## [WHAT THIS TASK INVOLVES]
Beginning with the line containing "Брюки имеют классический" and ending with the line containing "Для отмены товара", write out each line of the records below exactly; pictures and lines outside that range are left out.

== RECORDS TO USE

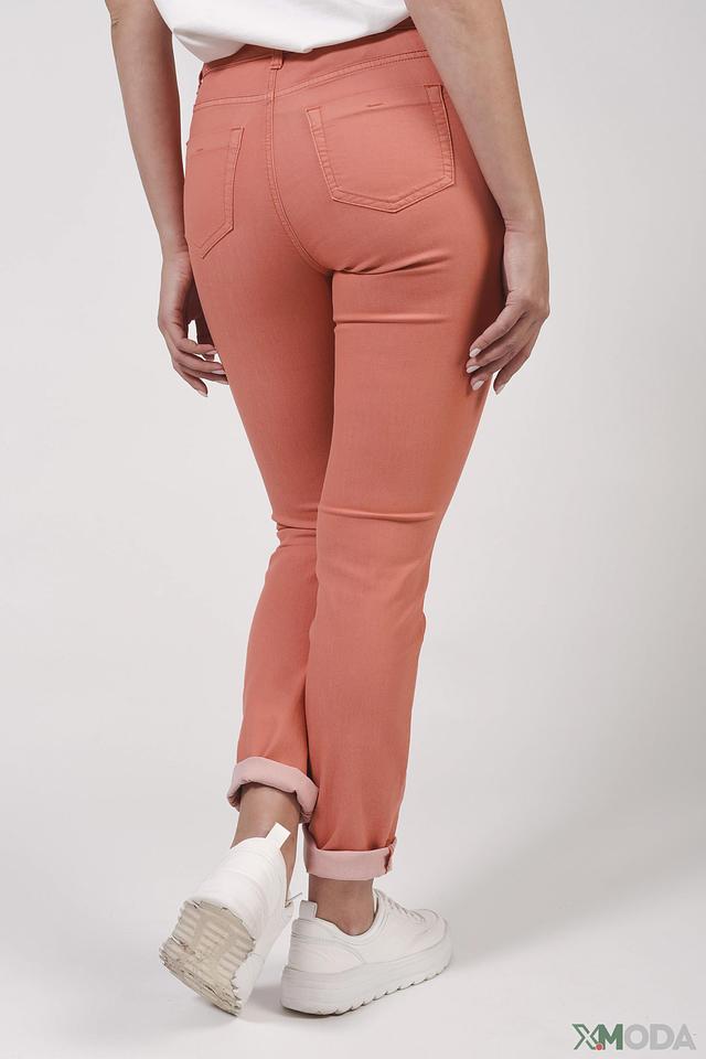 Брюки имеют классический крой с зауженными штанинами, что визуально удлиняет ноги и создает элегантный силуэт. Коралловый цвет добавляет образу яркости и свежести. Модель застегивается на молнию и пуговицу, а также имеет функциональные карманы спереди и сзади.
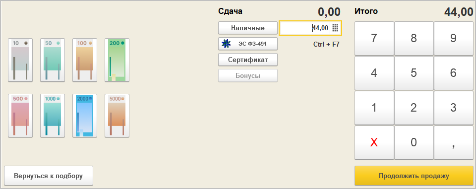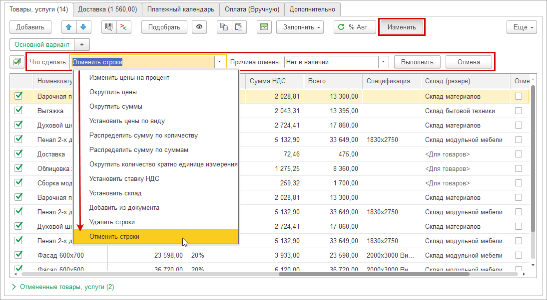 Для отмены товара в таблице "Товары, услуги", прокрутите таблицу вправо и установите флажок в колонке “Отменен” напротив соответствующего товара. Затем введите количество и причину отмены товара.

====
== RECORDS TO USE

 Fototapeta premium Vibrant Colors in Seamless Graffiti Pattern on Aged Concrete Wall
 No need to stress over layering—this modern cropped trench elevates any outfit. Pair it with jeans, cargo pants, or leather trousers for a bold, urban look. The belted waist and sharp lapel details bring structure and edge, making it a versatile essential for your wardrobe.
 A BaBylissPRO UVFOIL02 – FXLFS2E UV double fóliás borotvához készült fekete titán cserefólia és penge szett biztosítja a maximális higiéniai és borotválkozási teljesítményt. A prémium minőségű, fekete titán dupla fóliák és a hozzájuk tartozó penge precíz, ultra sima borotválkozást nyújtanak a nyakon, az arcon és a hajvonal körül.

====
== RECORDS TO USE

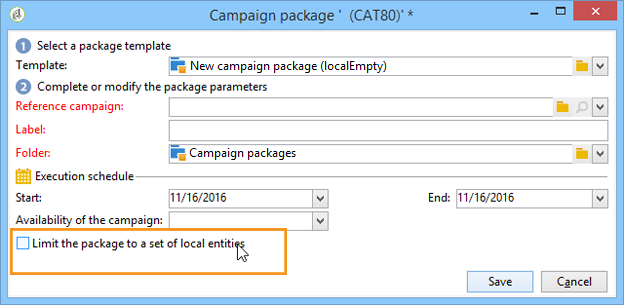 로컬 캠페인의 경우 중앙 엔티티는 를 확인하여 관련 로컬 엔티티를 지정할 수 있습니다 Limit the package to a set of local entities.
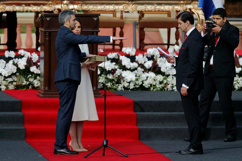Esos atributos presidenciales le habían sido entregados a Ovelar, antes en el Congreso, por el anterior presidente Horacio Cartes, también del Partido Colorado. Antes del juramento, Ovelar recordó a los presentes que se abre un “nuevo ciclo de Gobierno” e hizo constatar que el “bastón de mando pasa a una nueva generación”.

====

## [ANSWER FOR THIS EXERCISE]
 Брюки имеют классический крой с зауженными штанинами, что визуально удлиняет ноги и создает элегантный силуэт. Коралловый цвет добавляет образу яркости и свежести. Модель застегивается на молнию и пуговицу, а также имеет функциональные карманы спереди и сзади.
 Для отмены товара в таблице "Товары, услуги", прокрутите таблицу вправо и установите флажок в колонке “Отменен” напротив соответствующего товара. Затем введите количество и причину отмены товара.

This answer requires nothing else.